> _Directions for this task_
Output the listing exactly as written, apart from its pictures.

> _Given material_
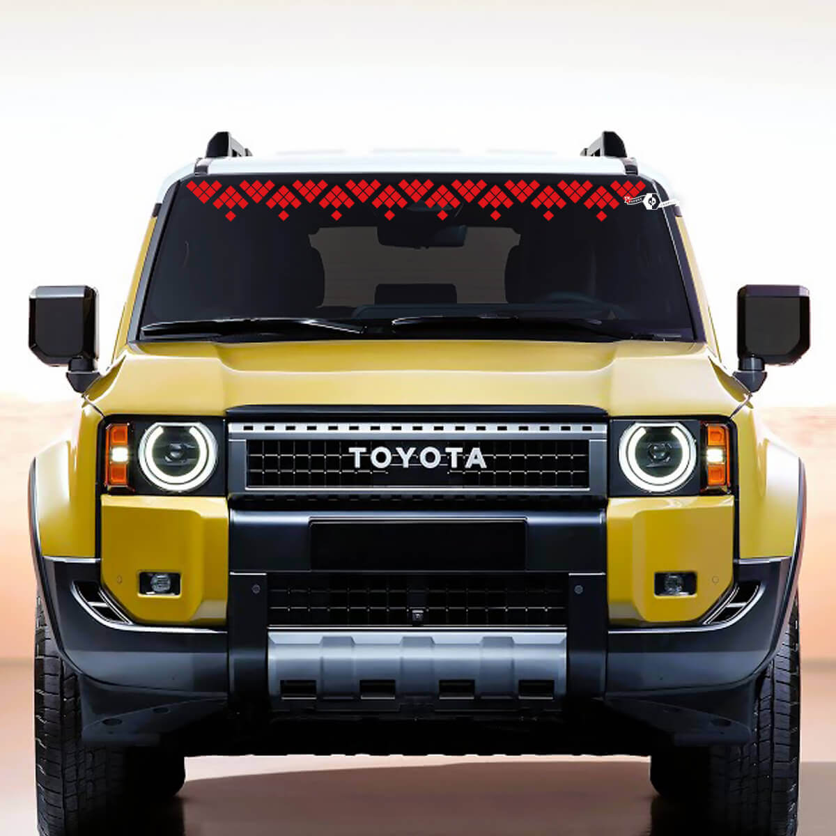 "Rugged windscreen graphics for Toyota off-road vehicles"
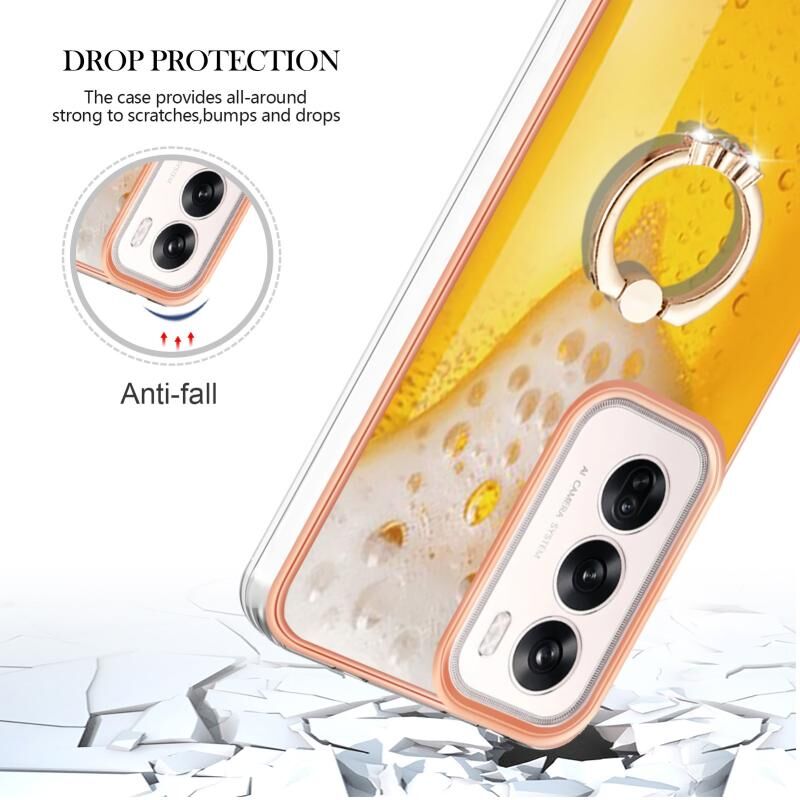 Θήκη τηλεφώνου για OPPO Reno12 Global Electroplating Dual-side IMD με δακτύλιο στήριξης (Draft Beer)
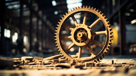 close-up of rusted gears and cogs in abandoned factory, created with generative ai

> _Final answer_
 "Rugged windscreen graphics for Toyota off-road vehicles"
 Θήκη τηλεφώνου για OPPO Reno12 Global Electroplating Dual-side IMD με δακτύλιο στήριξης (Draft Beer)
 close-up of rusted gears and cogs in abandoned factory, created with generative ai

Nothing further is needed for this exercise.